After `tl.transform.InjectFenceProxy`:

```python
@T.prim_func
def kernel():
    with T.Kernel(1):
        desc = T.decl_buffer((1,), "uint64", scope="local.descriptor")
        smem = T.decl_buffer((128,), "float16", scope="shared")
        T.initialize_wgmma_descriptor(desc, T.uint64(0), 2, 1, 32)
        smem[0] = T.float16(0)
        T.fence_proxy_async()
        T.ptx_wgmma_ss(
            "float16",
            "m64n64k16",
            T.bool(True),
            T.bool(True),
            "fp16",
            "fp16",
            "fp16",
            desc.data,
            T.int32(0),
            desc.data,
            T.int32(0),
            smem.data,
            T.int32(0),
            T.bool(True),
            1,
            1,
        )
```

The only change is the `fence_proxy_async` between the generic descriptor setup / shared-memory write and the async `wgmma`. In larger kernels the pass performs the same operation across nested blocks, loops, and conditional branches.

## Extending the Pass

If you introduce a new intrinsic that behaves like an async proxy, add it to `IsAsyncIntrinsic` in `src/transform/inject_fence_proxy.cc`. Likewise, extend `IsKnownGeneric` for additional generic operations.

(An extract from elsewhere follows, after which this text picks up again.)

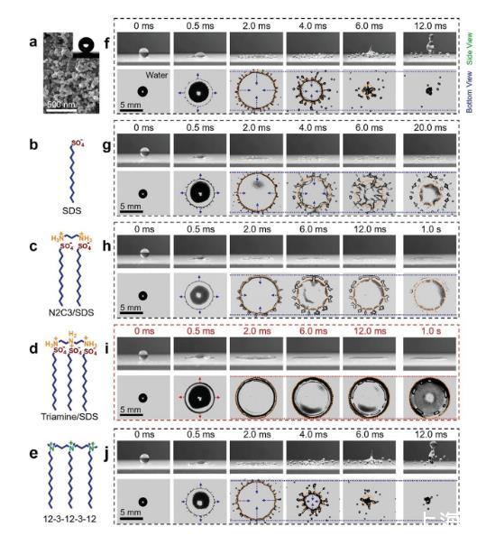 圖1.高速液滴撞擊超疏水表面的動態(tài)行為。a)掃描電子顯微鏡(SEM)揭示了表面的微觀結(jié)構(gòu)。插圖:水接觸角為161.3±1.1°,確保超疏水性。b–e)表面活性劑的分子結(jié)構(gòu)。f)撞擊超疏水表面的水滴出現(xiàn)飛濺和反彈。g–j)分別含有SDS、N2C3/SDS、三胺/SDS和12-3-12-3-12添加劑的水滴在超疏水表面上的撞擊動力學(xué)的側(cè)面和仰視圖。g,h)含有SDS或N2C3/SDS添加劑的液滴抑制了反彈,但仍會產(chǎn)生飛濺或后退破碎。i)含有三胺/SDS的液滴一旦與基材接觸就會形成穩(wěn)定的周邊邊緣,隨后完全沉積在超疏水表面上而不會發(fā)生任何飛濺或碎裂。完全均勻的潤濕膜在達(dá)到最大擴散面積后保持不變。j)合成低聚表面活性劑12-3-12-3-12添加劑對水滴的影響影響不大。濺射和反彈仍然會發(fā)生。箭頭的長度表示擴散或反彈速度的變化。
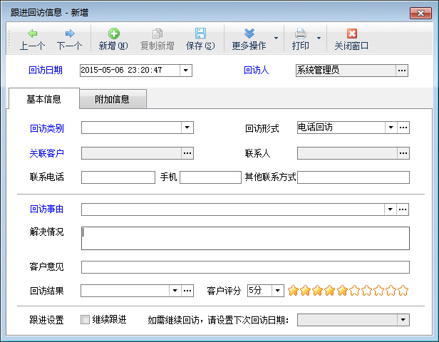 跟進回訪:點工具欄中的“跟進回訪”按鈕,可以對當前的客戶服務單記錄進行跟進,并錄入回訪情況。點工具欄中的“回訪記錄”按鈕,可以查看歷次回訪記錄。

Most calls default to `"none"` (no proxy-state effect). `IsNonProxyIntrinsic` exists for well-known synchronization / scheduling helpers and to document intent, but it is not required for correctness if an op is neither generic nor async.
For custom/opaque ops, you must lower them into known intrinsics (or manually insert `fence_proxy_async`) if they participate in proxy switching.